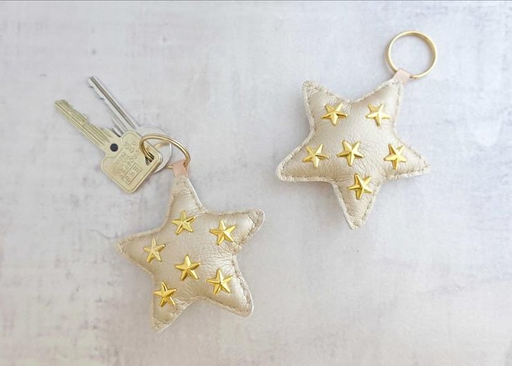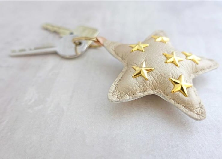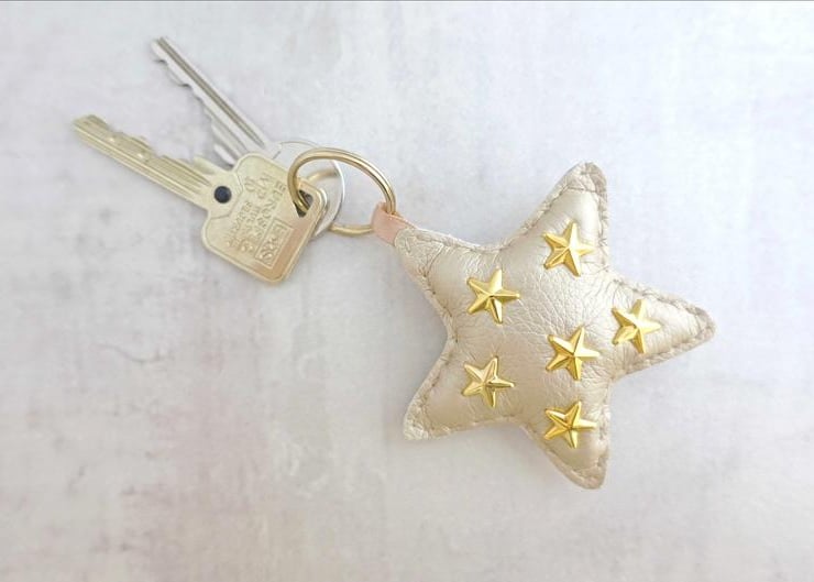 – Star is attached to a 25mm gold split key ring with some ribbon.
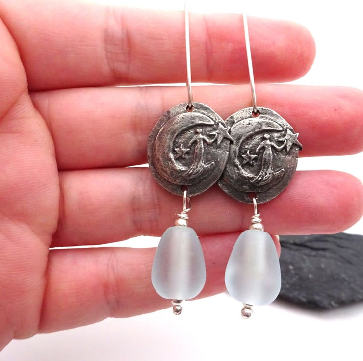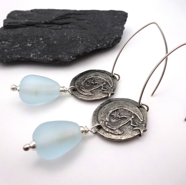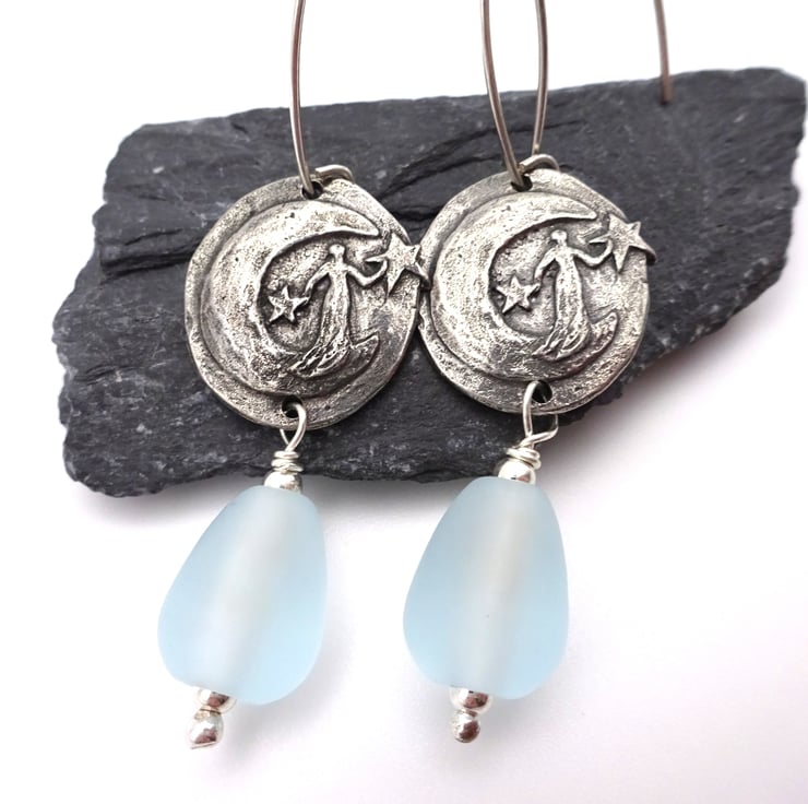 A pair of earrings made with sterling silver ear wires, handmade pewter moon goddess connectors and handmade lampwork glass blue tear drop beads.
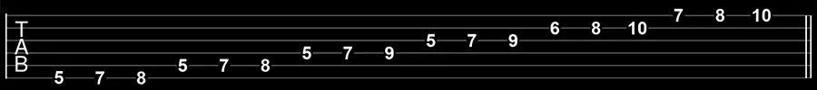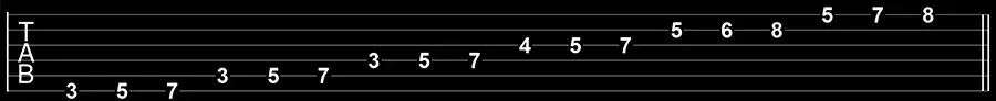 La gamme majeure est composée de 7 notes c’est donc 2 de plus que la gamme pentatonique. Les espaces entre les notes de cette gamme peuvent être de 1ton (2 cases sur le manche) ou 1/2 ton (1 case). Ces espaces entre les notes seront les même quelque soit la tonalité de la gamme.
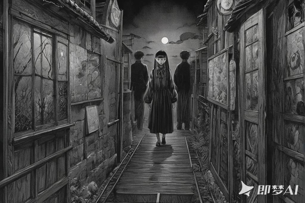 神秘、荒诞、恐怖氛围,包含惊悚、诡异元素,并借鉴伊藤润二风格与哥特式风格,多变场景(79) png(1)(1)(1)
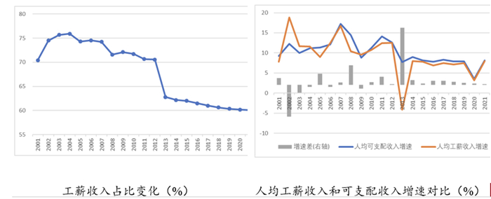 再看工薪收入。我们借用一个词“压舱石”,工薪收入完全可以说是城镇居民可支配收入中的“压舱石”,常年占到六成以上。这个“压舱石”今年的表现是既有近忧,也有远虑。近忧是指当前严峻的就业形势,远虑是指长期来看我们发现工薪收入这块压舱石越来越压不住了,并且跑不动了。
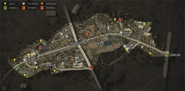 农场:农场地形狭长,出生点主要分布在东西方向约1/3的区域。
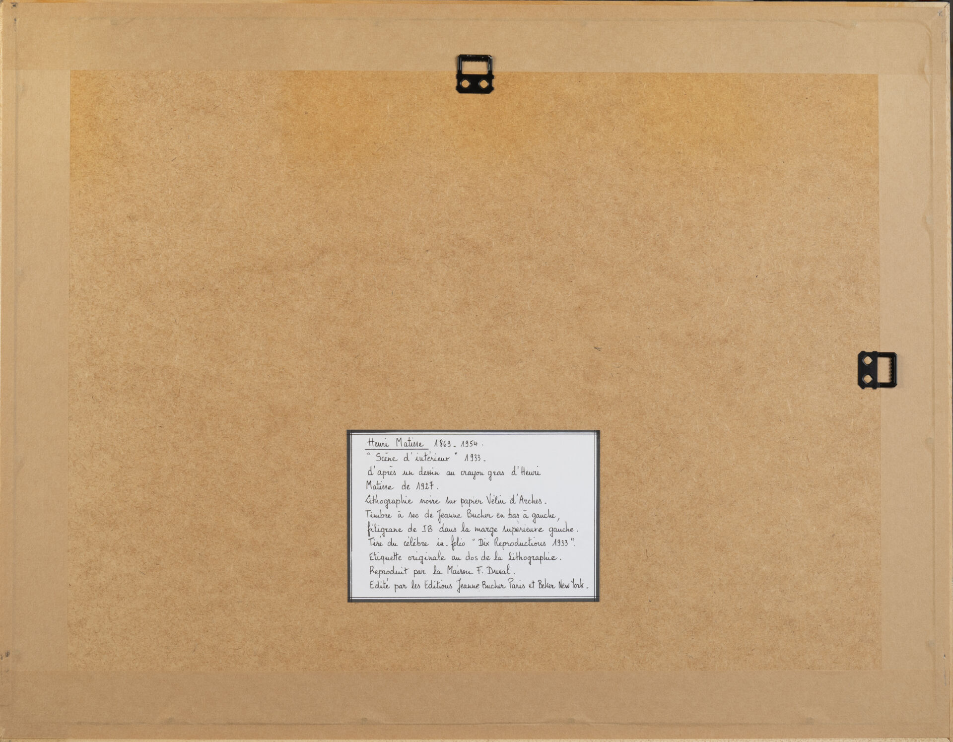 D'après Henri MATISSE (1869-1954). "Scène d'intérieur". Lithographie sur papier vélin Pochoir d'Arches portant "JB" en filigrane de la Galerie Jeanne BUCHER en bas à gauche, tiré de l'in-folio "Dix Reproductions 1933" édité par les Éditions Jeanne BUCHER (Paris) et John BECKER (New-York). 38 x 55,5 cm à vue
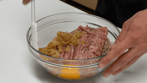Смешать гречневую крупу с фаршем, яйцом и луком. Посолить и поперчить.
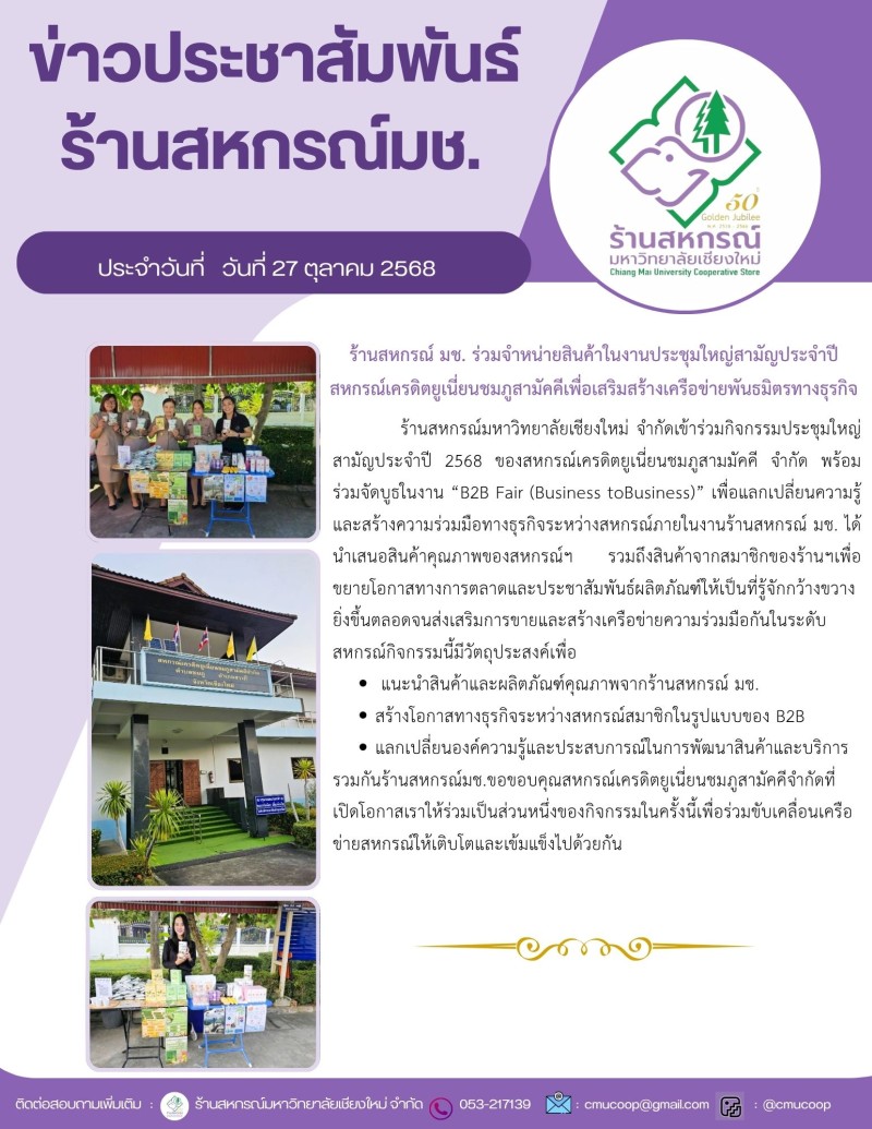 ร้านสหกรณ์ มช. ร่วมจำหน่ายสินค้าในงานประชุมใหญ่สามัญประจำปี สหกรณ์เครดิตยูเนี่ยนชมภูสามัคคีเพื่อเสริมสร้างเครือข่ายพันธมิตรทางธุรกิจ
------------------------------------------------
• PROBLEM TO SOLVE: After dropping the pictures, please set down the lines from the beginning of the listing through the line containing "农场:农场地形狭长,出生点主要分布在东西方向约1/3的区域。", both included, exactly as they stand.

• EXPECTED OUTPUT:
 – Star is attached to a 25mm gold split key ring with some ribbon.
 A pair of earrings made with sterling silver ear wires, handmade pewter moon goddess connectors and handmade lampwork glass blue tear drop beads.
 La gamme majeure est composée de 7 notes c’est donc 2 de plus que la gamme pentatonique. Les espaces entre les notes de cette gamme peuvent être de 1ton (2 cases sur le manche) ou 1/2 ton (1 case). Ces espaces entre les notes seront les même quelque soit la tonalité de la gamme.
 神秘、荒诞、恐怖氛围,包含惊悚、诡异元素,并借鉴伊藤润二风格与哥特式风格,多变场景(79) png(1)(1)(1)
 再看工薪收入。我们借用一个词“压舱石”,工薪收入完全可以说是城镇居民可支配收入中的“压舱石”,常年占到六成以上。这个“压舱石”今年的表现是既有近忧,也有远虑。近忧是指当前严峻的就业形势,远虑是指长期来看我们发现工薪收入这块压舱石越来越压不住了,并且跑不动了。
 农场:农场地形狭长,出生点主要分布在东西方向约1/3的区域。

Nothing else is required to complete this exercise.